The decision came April 21 after over a year of feedback from residents and public agencies expressing environmental equity concerns over the development.
The city approved a Critical Areas Development permit, with conditions, for modification of the wetlands and stream on the property. Those include having to account for impacts to the buffer area of the wetlands, adding more buffer area to compensate, and moving part of the stream to an area that will not be impacted by traffic.
The State Environmental Policy Act (SEPA) Environmental Determination is a “Mitigated Determination of Nonsignificance,” which means the review of the project concluded it will not have a significant adverse impact on the elements of the environment reviewed, as long as certain mitigation measures are met.
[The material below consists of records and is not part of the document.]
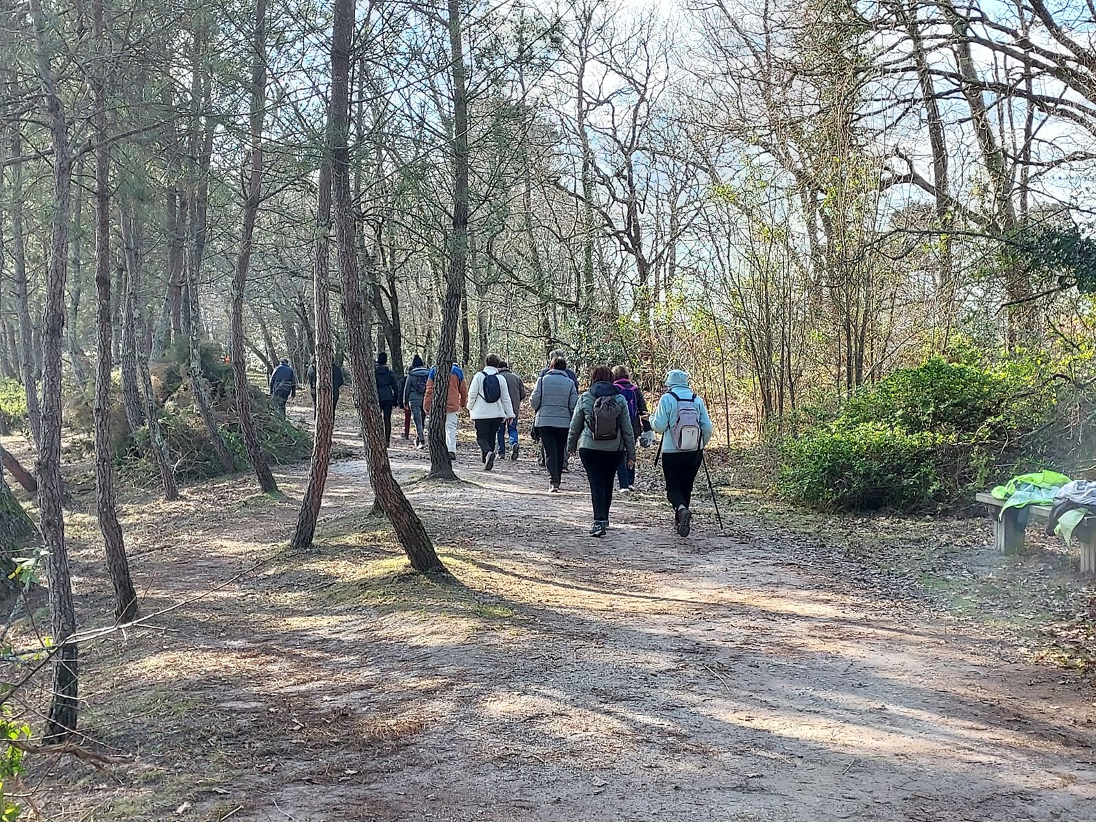Exceptionnellement un rendez vous à 13 h 30 était donné sur le parking Dupérier, pour un covoiturage vers le parking de la forêt du Bourgailh. 29 participants à cette marche sur le domaine de la forêt du Bourgailh, sous un agréable soleil d’hiver.
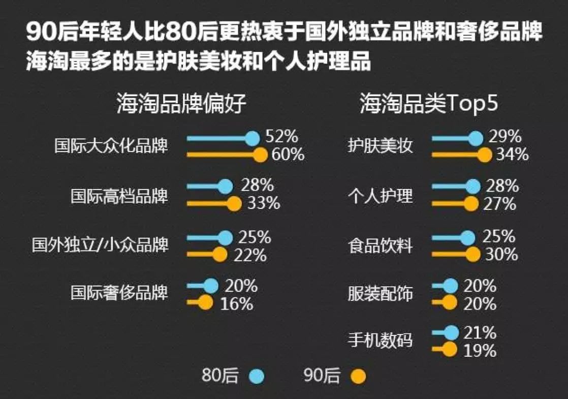 90后海淘最多的是護膚美妝,偏好國際大眾化品牌!
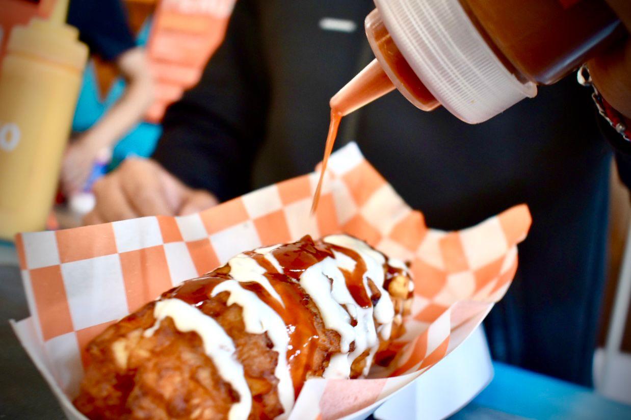 Disfruta de dos deliciosas banderillas coreanas, crujientes por fuera y suaves por dentro. Preparadas con una irresistible combinación de masa dorada y relleno jugoso, perfectas para acompañar con la salsa de tu elección. ¡Un antojo imperdible! 🍢🔥

Mitigation measures include no idling rules on the site, establishing 30% tree canopy coverage on portions of the site, and traffic monitoring during building.
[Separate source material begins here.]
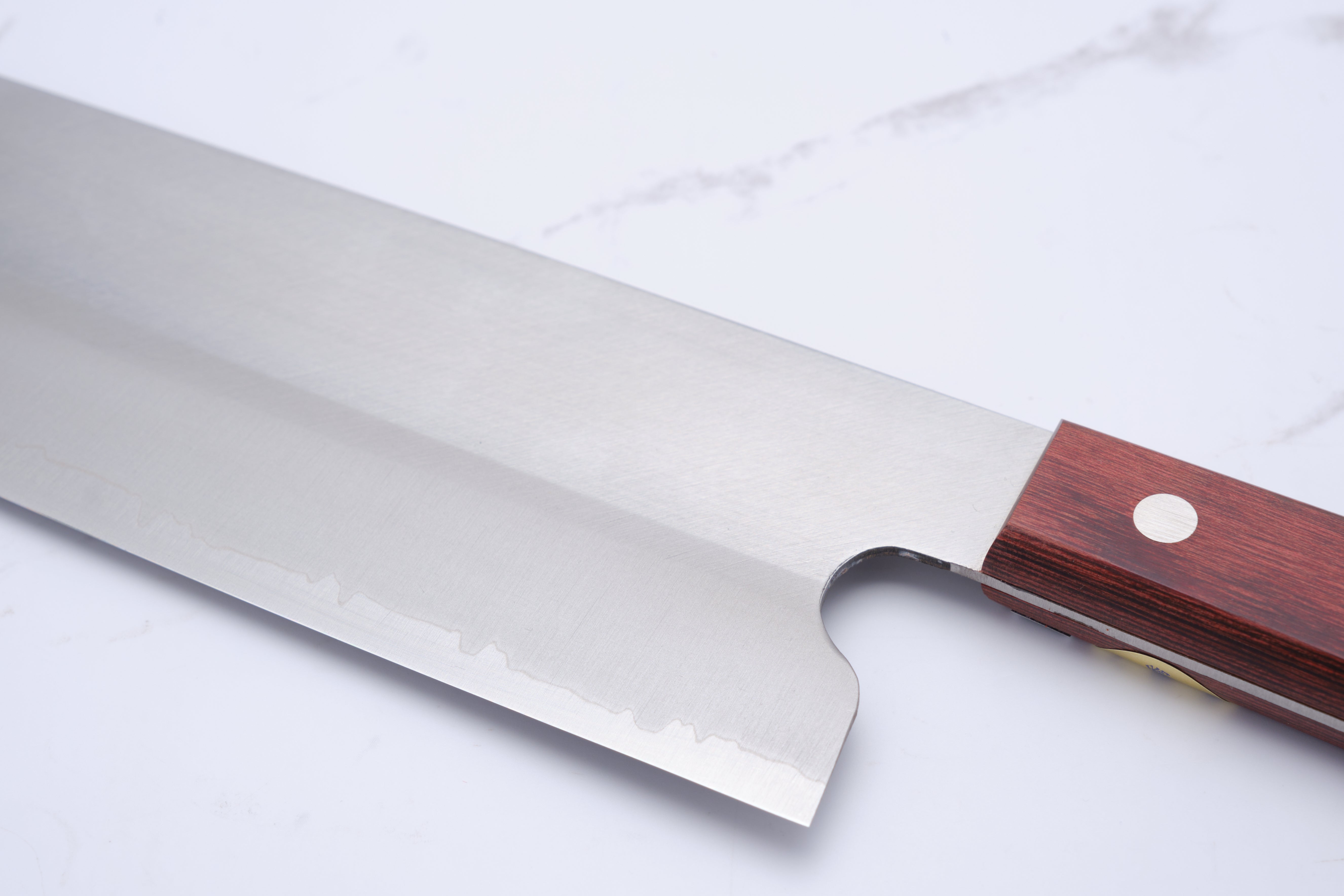 This series is built in 3 layers with Aogami 2 as core steel, surrounded by stainless cladding. The handle is western style, and made of red pakka wood.

The full decision can be found on the city’s website.
Erin Dilworth, deputy director for Communities for a Healthy Bay, a nonprofit advocating for the protection of Puget Sound and the surrounding ecosystem, said her organization was disappointed with the decision.
“They’re saying that the impacts that this project is going to cause, they can be mitigated,” Dilworth said. “We disagree, especially when it comes to thinking about health equity, especially in that area.”
The neighborhood is listed as having the highest ranking for health disparities, a 10, on the Washington Environmental Health Disparities Map.
Bridge Industrial still has to procure all development and building permits, including requirements for civil and mechanical engineering. The company also will have to satisfy all conditions from the Environmental Protection Agency and the Department of Ecology. The proposed warehouse would sit on top of the Commencement Bay, the South Tacoma Channel superfund site.
The EPA, the Washington State Department of Health, the Tacoma-Pierce County Department of Health, the Washington State Department of Ecology, and the Puget Sound Clean Air Agency, all recommended the city require a Health Impact Assessment for the development given the poor health outcomes that are already seen in this neighborhood. The city did not have the applicant complete one.
“I think that’s really unfortunate,” Dilworth said. “It’s the city’s job to protect the health and wellbeing of the residents, and they do have discretion to require additional analyses, and they just decided not to use it.”
In response to health equity concerns, Shirley Shultz, principal planner for the city, said, “South Tacoma as a whole is a community of concern for both the health department and in terms of when we look at the city’s equity index.”
Residents also have expressed concern over increases in traffic and the subsequent air and noise pollutants. Schultz said the city will monitor traffic to ensure the development keeps to the estimates the city analyzed.
“That’s one of the conditions on the environmental review is this monitoring of build out and the tenants that go through,” Schultz said.
In response to whether monitoring efforts would be enough, Dilworth said enforcement usually comes only after there has been a violation.
Residents can file an appeal of the decision until 5 p.m. May 5. The fee to file an appeal is $1,200.
Schultz is anticipating that will happen.
“My guess is that the project will be appealed,” Schultz said.
If that is the case, the city’s hearing examiner will handle the appeal. The examiner could decide whether the permit conditions need to changed or be remanded. That decision could be further appealed to a superior court, Schultz said.
The property, which was owned for years by the Burlington Northern Railroad, has been vacant since the 1970s. The property is some of the last undeveloped landscape in South Tacoma, and residents have voiced their disapproval about the development. The history of the property from the city’s perspective has been as a space for industry.
“The long range plan, the comprehensive plan for it, the zoning, has always been heavy industrial,” Schultz said.
Bridge Industrial is a developer, and there is no indication yet of what type of tenants would use the warehouse space.
“I’ve seen other large warehouses get built without tenants,” Schultz said.